‘Eavesdropper’ vulnerability strikes hundreds of mobile apps using Twilio

Careless coding by mobile developers using Twilio’s application programming interface (API) has left hundreds of enterprise communication apps vulnerable to snooping and monitoring, security researchers revealed Thursday.

Apps impacted by the newly-named Eavesdropper vulnerability total nearly 700, including one used for secure communications by a federal law enforcement agency, according to research from the Appthority Mobile Threat Team.

Others affected include an app that enables enterprise sales teams to record audio and annotate discussions in real-time, and branded white label navigation apps for customers such as AT&T and U.S. Cellular. More than 170 affected and vulnerable apps are currently live in app stores today, Appthority says.

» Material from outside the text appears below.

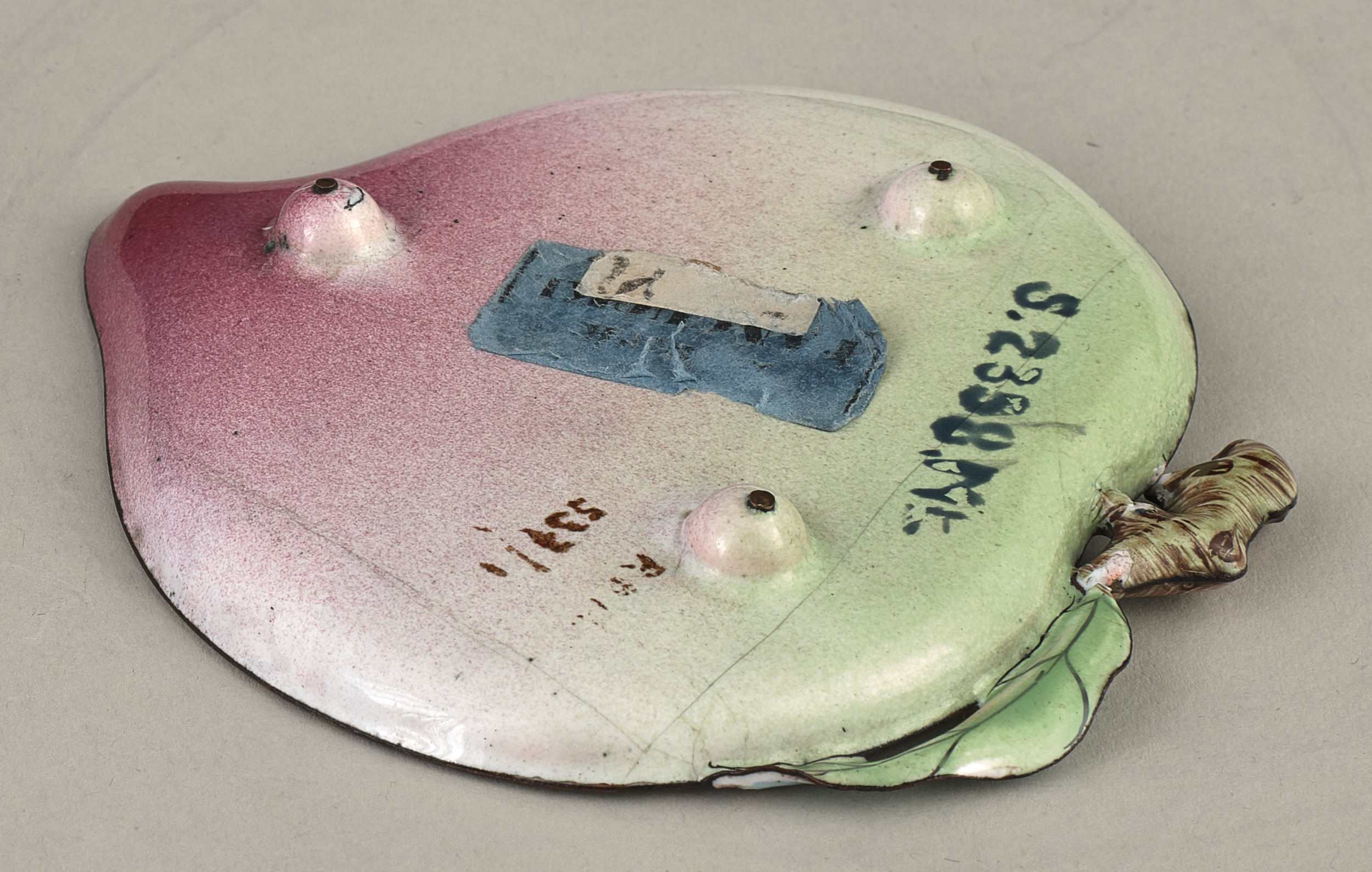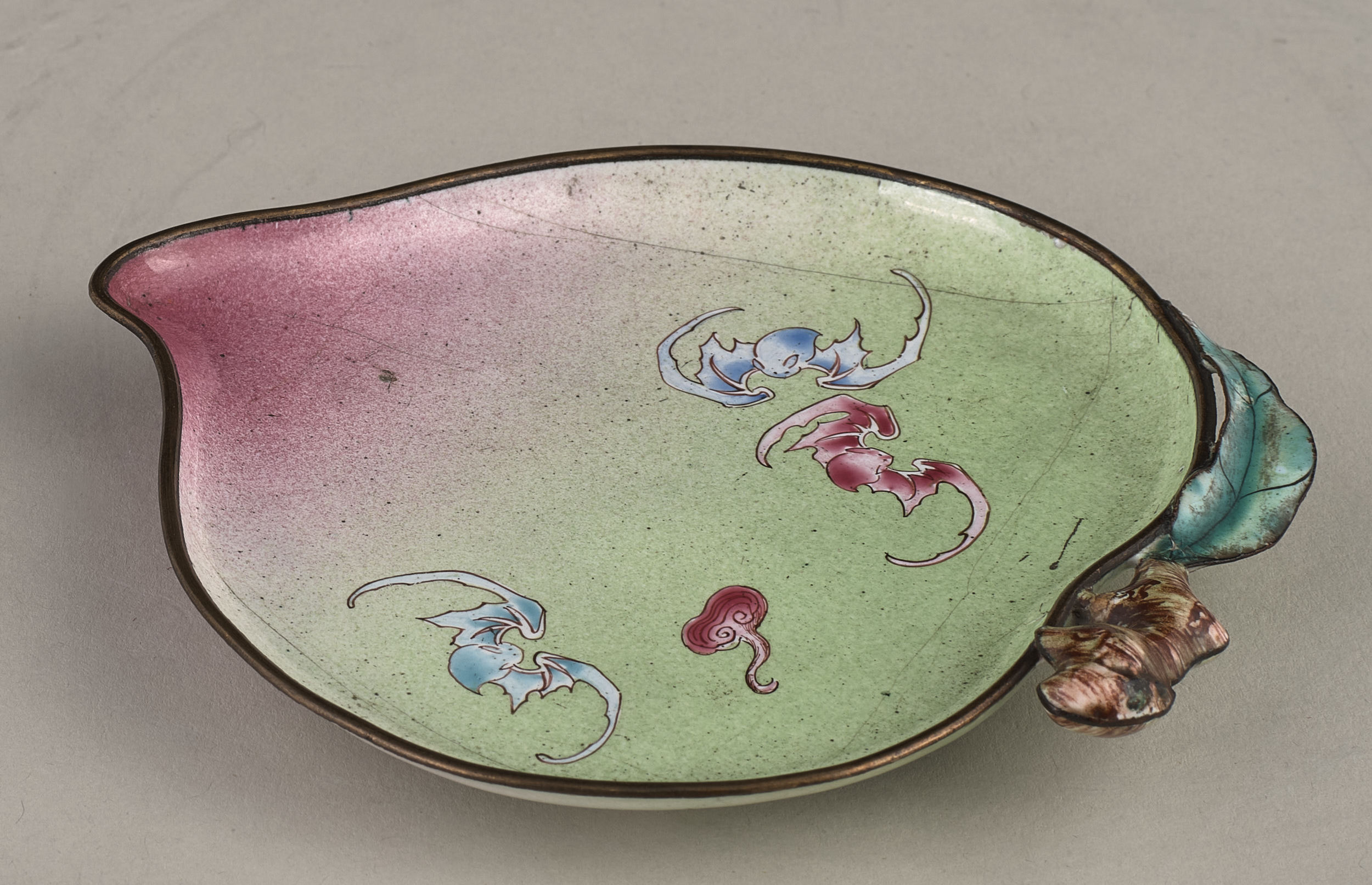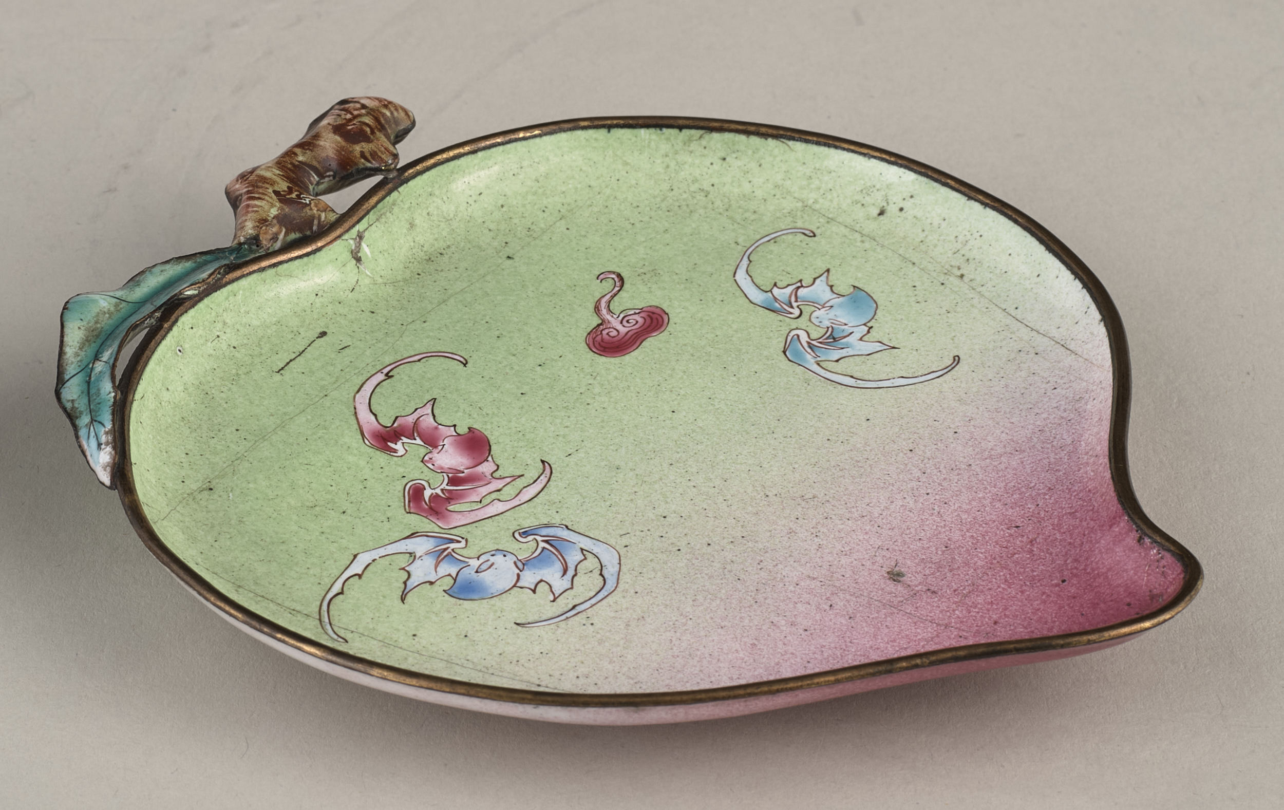 Spodek miedziany na trzech niskich nóżkach w kształcie przepołowionego owocu brzoskwini z uchwytem w formie gałązki. Pokryta została emalią typu fa-lang, z zewnątrz w kolorze zielonym przenikającym stopniowo w różowy, wewnątrz różowym. Lustro zdobione motywem trzech nietoperzy i stylizowanymi obłokami w kolorze silnego różu. Czareczka datowana jest na XVIII/XIX wiek. Według symboliki chińskiej nietoperz jest symbolem szczęścia  i długowieczności. Nietoperz w języku chińskim jest homonimem słowa „fu” - szczęście. Chiński podziw dla nietoperzy zaczął się tysiące lat przed Chrystusem. W ramach podziału świata ożywionego i nieożywionego, gdzie przeplatają się ze sobą pierwiastki męskie i żeńskie, dobro i zło, siły bierne i aktywne, nietoperzom przypisano związek z pierwiastkiem męskim, wręcz męskością jako taką. Dlatego też stworzenia te przedstawiano często w otoczeniu kwiatów i owoców związanych z pierwiastkiem żeńskim, ze światem kobiet. Nietoperze przedstawiano często z brzoskwinią, symbolem płodności. W okresie panowania Mandżurów nietoperze były w Chinach popularnym motywem zdobniczym. Dekorowano nimi wazy i czarki do herbaty, haftowano je na szatach cesarzy i rzeźbiono na meblach i tronach cesarskich.

Downloads of vulnerable Android apps total 180 million. Vulnerable apps expose historic and current data including calls, call records, call audio recordings, and SMS and MMS text messages, according to Appthority.

Twilio says there’s no evidence the issue has been exploited in the wild.

“Eavesdropper is caused by developers carelessly hard-coding their credentials into mobile applications,” reads a release from Appthority.

A spokesman for Twilio told CyberScoop that hard-coding API credentials “is a poor coding practice, well-known to both the security and API industries.

“We’ve discouraged this practice for some time throughout our documentation and developer outreach,” said the company’s Senior Public Relations Manager Trak Lord, adding that the apps affected were “a very small fraction” of Twilio accounts, and that many “had long been decommissioned by their developers.”

The company has reached out to all developers with affected apps, he said and is working “to rotate their API keys and implement secure solutions.”

Appthority’s report notes that “developers who hard code credentials in one service have high propensity to make the same error with other services, such as between app tools, in this instance, and data storage like Amazon S3.”

“Eavesdropper poses a serious enterprise data threat because it allows an attacker to access confidential company information, which may include a range of sensitive information often shared in an enterprise environment, such as negotiations, pricing discussions, recruiting calls, product and technology disclosures, health diagnoses, market data or M&A planning,” said Seth Hardy, Appthority director of security research.

“An attacker could convert recorded audio files to text and search a massive data set for keywords and find valuable data,” added Hardy.

Appthority researchers first discovered the Eavesdropper vulnerability in April and notified Twilio in July about the exposed accounts.